Of course, when a property owner fights its historic status and the building catches fire, skepticism is an understandable reaction. But what happened here is not that simple.
Novak says they’ve worked to secure the site — fences, daily visits by a maintenance worker — but there are limits. “Do you want them to go into an abandoned building where people are armed and using meth and kick them off your property?” Novak says.
Ed Nordskog, who spent decades as an arson investigator for the Los Angeles County Sheriff’s Department, says the indicators point to a homeless-related fire, which is consistent with a Los Angeles Fire Department report showing that between 2018 and 2024, people experiencing homelessness made up a third of all fires the department responded to. But the building was demolished within a day of the fire, making it impossible to confirm.

“We’ll never know, no matter what happens,” Nordskog says. “They bulldozed it within a day, and that makes any investigation completely impossible.” As of early May, an LAFD spokesperson said the arson investigation was ongoing.
Preservationists call what happened “demolition by neglect” — allowing a potentially protected building to deteriorate until demolition becomes unavoidable. Soghoyan and Novak dispute this characterization.

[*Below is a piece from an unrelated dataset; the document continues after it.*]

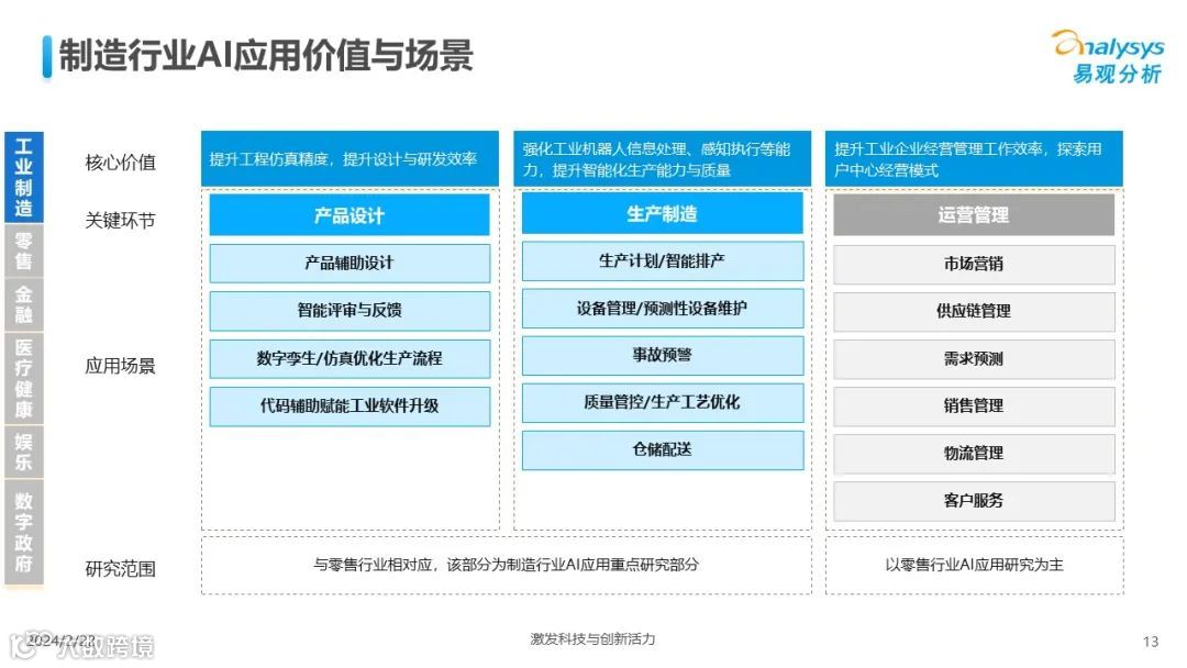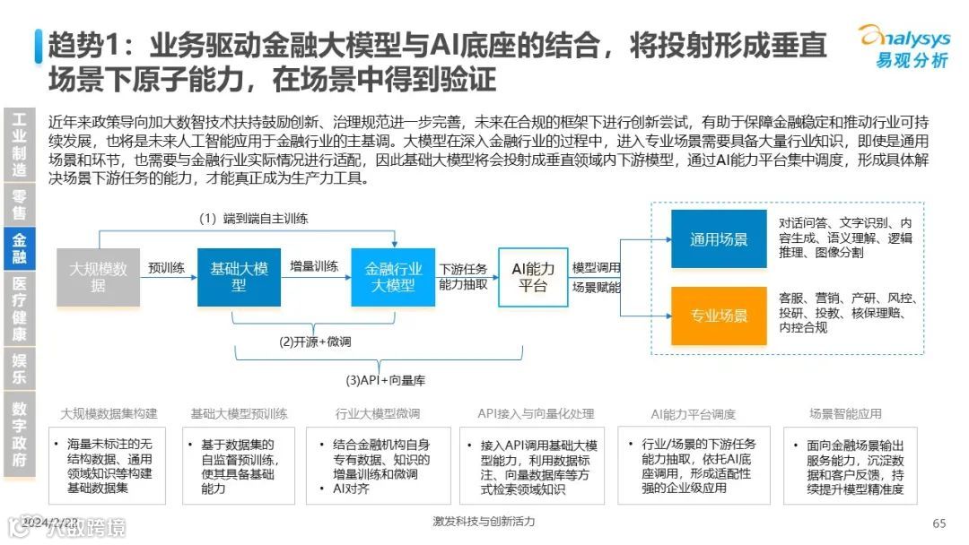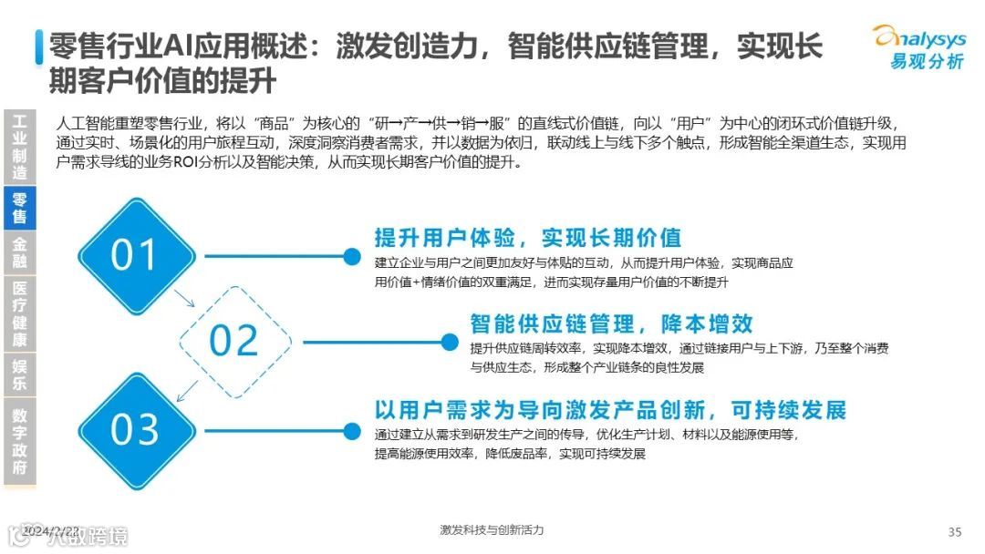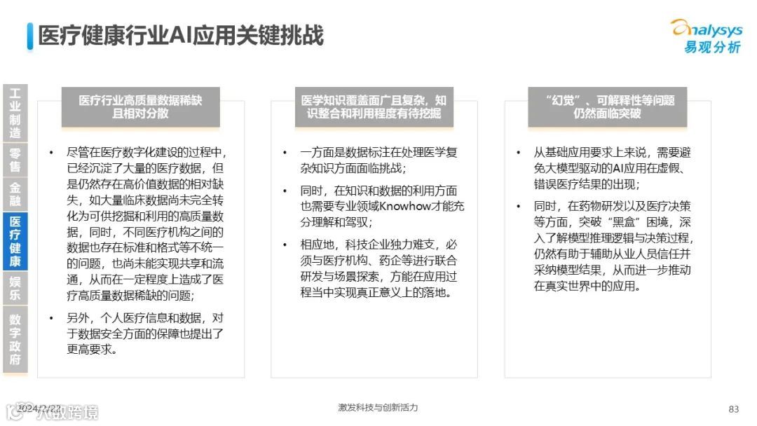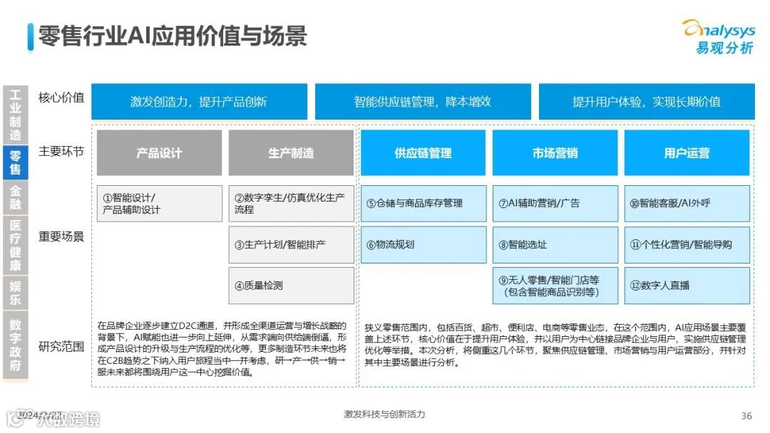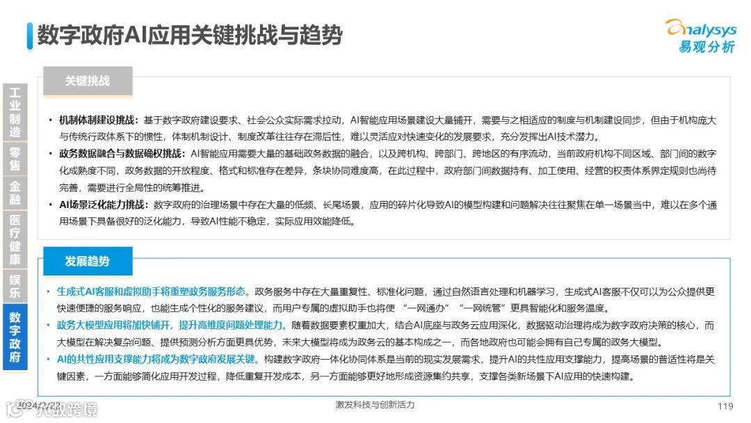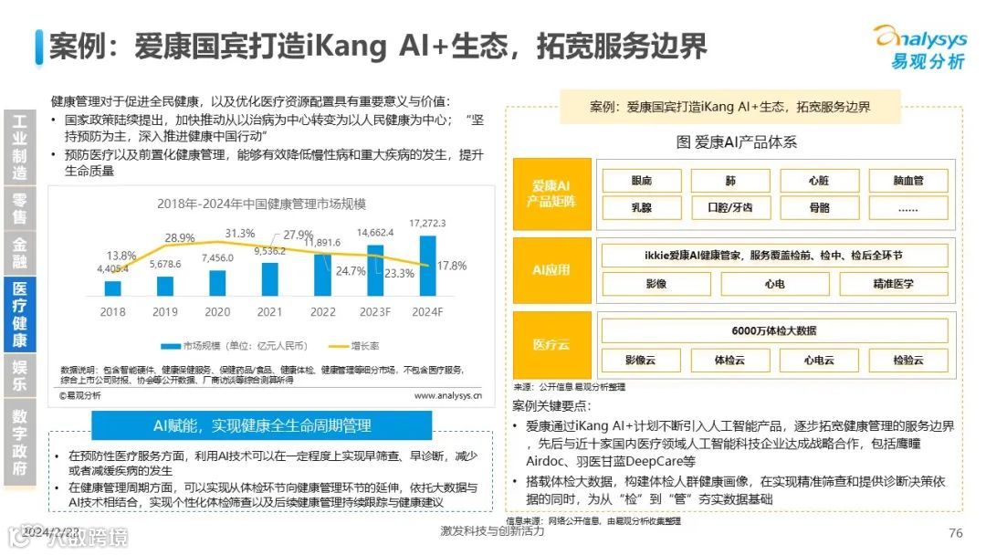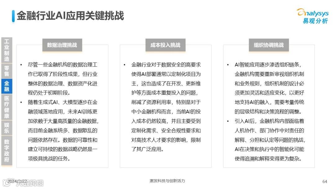 易观分析:人工智能发展进入生成式人工智能时代,大语言模型所呈现的“涌现”能力,正在推动人类社会向AGI的方向持续探索,这将贯穿科技公司与研究机构相当长周期的关注焦点。基于对人工智能技术发展与行业应用情况的长期跟踪与研究,《中国人工智能产业应用发展图谱2023》针对主要行业AI应用发展背景、关键价值、挑战和趋势,以及核心环节/场景的典型案例进行深入分析,全面展开产业AI智能化应用全景。

What was left after the fire was the neon sign and the wall made of breeze. In February, the Cultural Heritage Committee amended the historical nomination to include these elements; The full City Council approved the appointment on May 1, within seconds. But Kim Cooper, a conservationist who with her husband runs the historic tour company Esotouric – which included the area around the hotel on its sightseeing route – fell short of victory.

“It wasn’t about a cool, Instagrammable sign,” she says. “This is the soul of the city being ripped out inch by inch.”
What will eventually become of the property is still up in the air. However, it’s fitting that the mid-century metal letters that once spelled “Hollywood Center Motel” atop that brick wall have recently disappeared. You can now see them only on the screen.